Tenemos por lo tanto demasiadas potencias para nuestras necesidades. Pueden fácilmente observar que la mayoría, la inmensa mayoría, de las impresiones que recibimos de nuestros sentidos no nos sirven para nada, son inutilizables, no representan ningún papel en el funcionamiento de los aparatos esenciales para la conservación de la vida. Vemos demasiadas cosas, entendemos demasiadas cosas con las que no hacemos nada ni nada podemos hacer, como sucede en ocasiones con las palabras de un conferenciante.
La misma observación en cuanto a nuestros poderes de acción: podemos ejecutar una multitud de actos que no tienen ninguna oportunidad de encontrar su función en las operaciones indispensables o importantes de la vida. Podemos trazar un círculo, hacer actuar a los músculos de nuestro rostro, andar en cadencia; todo esto, que ha permitido crear la geometría, la comedia y el arte militar, es acción inútil en sí para el funcionamiento vital.

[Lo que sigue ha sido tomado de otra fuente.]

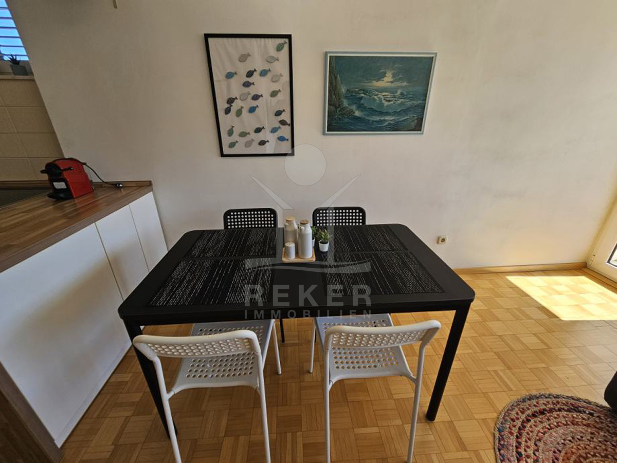 Drinnen ist die Raumaufteilung klar strukturiert. Küche, Essbereich und Wohnzimmer greifen offen ineinander – mit viel Licht durch die breite Fensterfront. Die Möblierung wirkt modern, gemütlich und ist sofort nutzbar. Schlafzimmer und Bad sind funktional und gepflegt. Die Wohnung wird so verkauft, wie sie ist: einzugsbereit – oder vermietbar ab dem ersten Tag.

De este modo, los medios de relación de la vida, nuestros sentidos, nuestros miembros articulados, las imágenes y los signos, que dirigen nuestras acciones y la distribución de nuestras energías, que coordinan los movimientos de nuestra marioneta, podrían emplearse únicamente en el servicio de nuestras necesidades fisiológicas, y limitarse a atacar el medio en el que vivimos, o a defendernos de él, de manera que su único quehacer consistiera en la conservación de nuestra existencia.
Podríamos no llevar más que una vida estrictamente ocupada del cuidado de nuestra máquina para vivir, perfectamente indiferentes o insensibles a todo lo que no interpreta ningún papel en los ciclos de transformación que componen nuestro funcionamiento orgánico; no resintiendo, no realizando nada más que lo necesario, no haciendo nada que no fuera una reacción limitada, una respuesta finita a alguna intervención exterior. Pues nuestros actos útiles son finitos. Van de un estado a otro.
Observen que los animales parecen no percibir nada y no hacer nada inútil. Sin duda el ojo de un perro ve los astros, pero el ser del perro no da ningún curso a esa visión. La oreja del perro percibe un ruido que la endereza y la inquieta, pero sólo absorbe de ese ruido lo necesario para responder con una acción inmediata y uniforme. No se entretiene en Ja percepción. La vaca, en su prado, no lejos de donde el Calais-Méditerranée avanza con gran estrépito, da un salto, el tren pasa; ninguna idea en la bestia sigue a ese tren: vuelve a su yerba tierna, sin seguirlo con sus bellos ojos. El indicador de su cerebro vuelve inmediatamente a cero.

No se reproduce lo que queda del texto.